I’ve been struggling with what to write this week. I’ve been thinking about a few things but nothing that I’m going to put on the internets. I think it’s my preoccupation with these things that is making it hard for me to focus on what I’m actually willing to put out there.
I’ve been feeling off lately as far as my writing is concerned. I want to be creative. I want to write something, but nothing is forthcoming and what’s more is I’m not feeling any pressure to put anything out there. I’ve started calling it “the drain” because it’s not like I’m blocked. Writer’s block has always been frustrating for me, but with this there’s no frustration just a quiet resignation.

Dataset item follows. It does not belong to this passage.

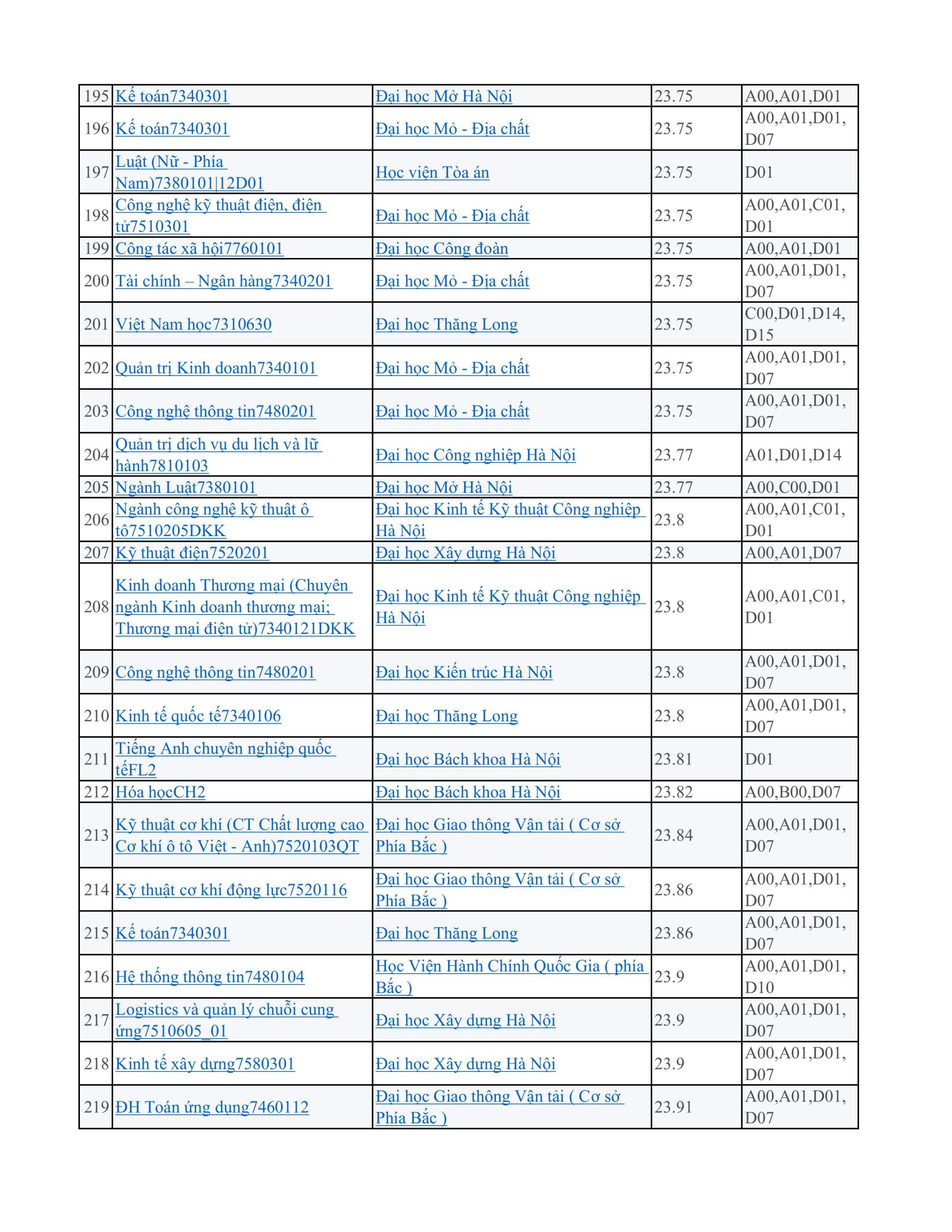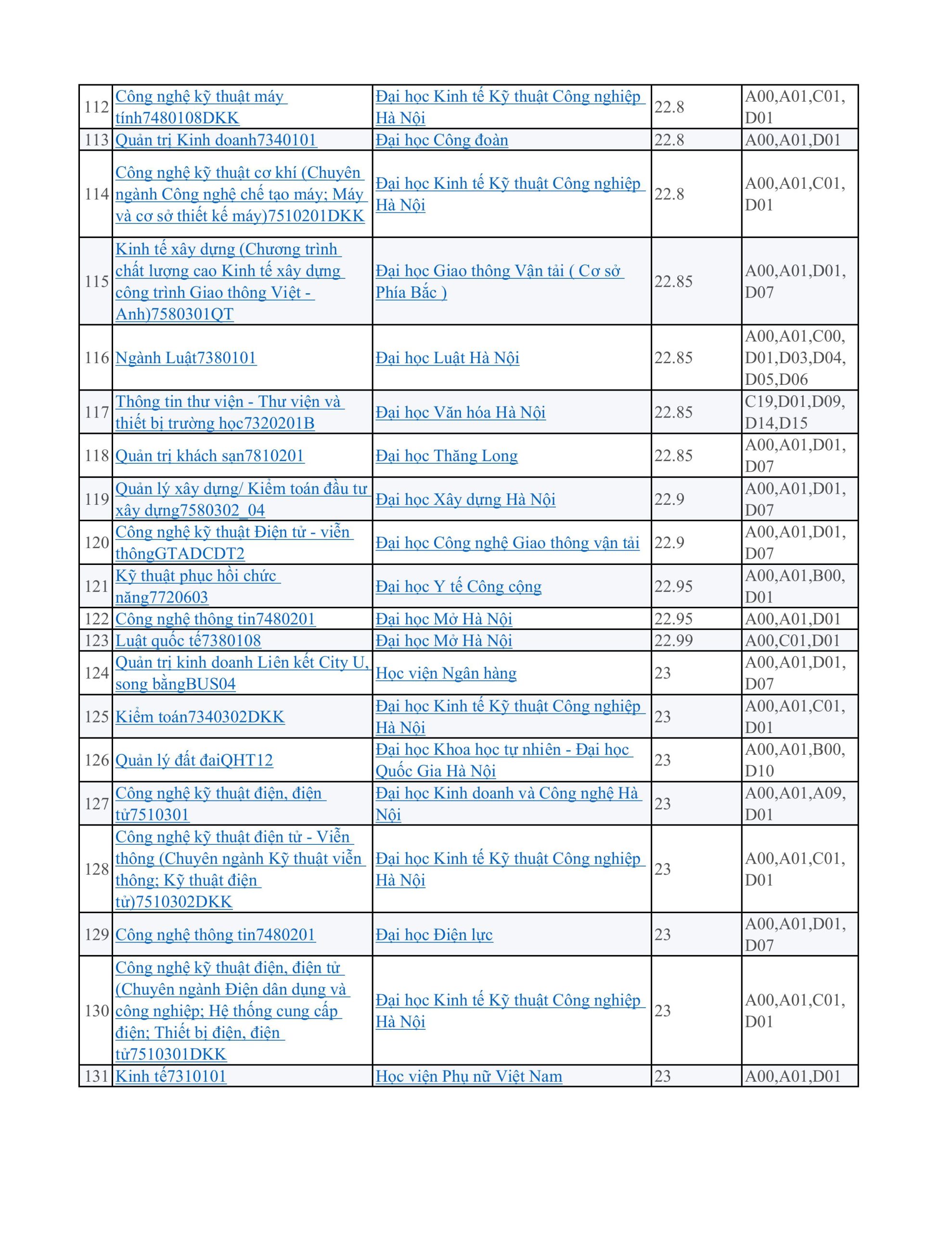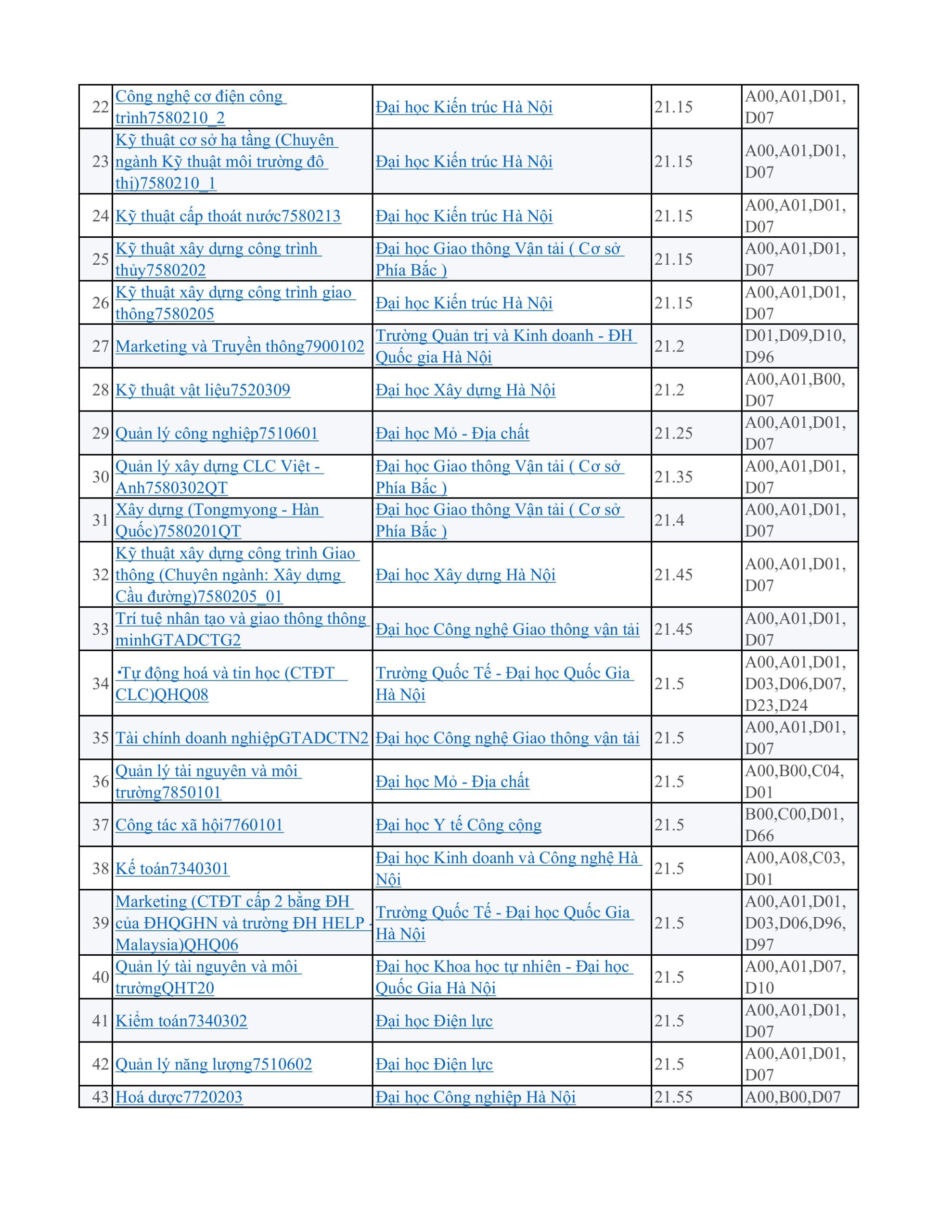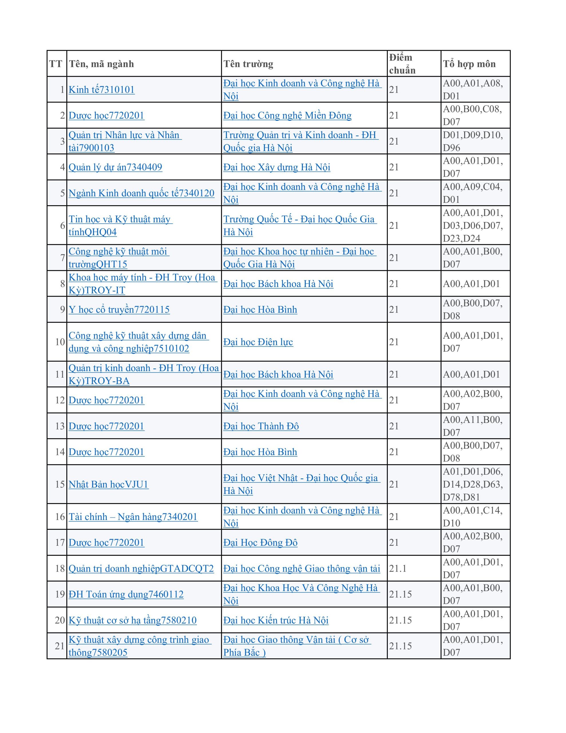 Danh sách các trường có điểm chuẩn từ 21 đến 24 điểm khối D năm 2024 ở Hà Nội

That scares me a little, because writing has always been a big part of who I am and if I’m not writing how can I call myself a writer? A writer writes. A writer doesn’t just sit staring a blank page thinking “Aw well, whatever.” A writer rages against that empty page! But not me.
Maybe it’s because it’s summer. Summer has always been my favorite season, even in the sweltering desert where temperatures would easily reach above 100 degrees. Summer has always been a time of rest for me. Even when I’ve had a “regular person job.” Things just seem to move a little slower during the summer. You take vacations, you relax in the sunshine sipping iced coffee.
So I guess I’ll blame this lack of motivation on sunshine and summertime. And you all will just have to suffer through the crappy posts…sorry about that.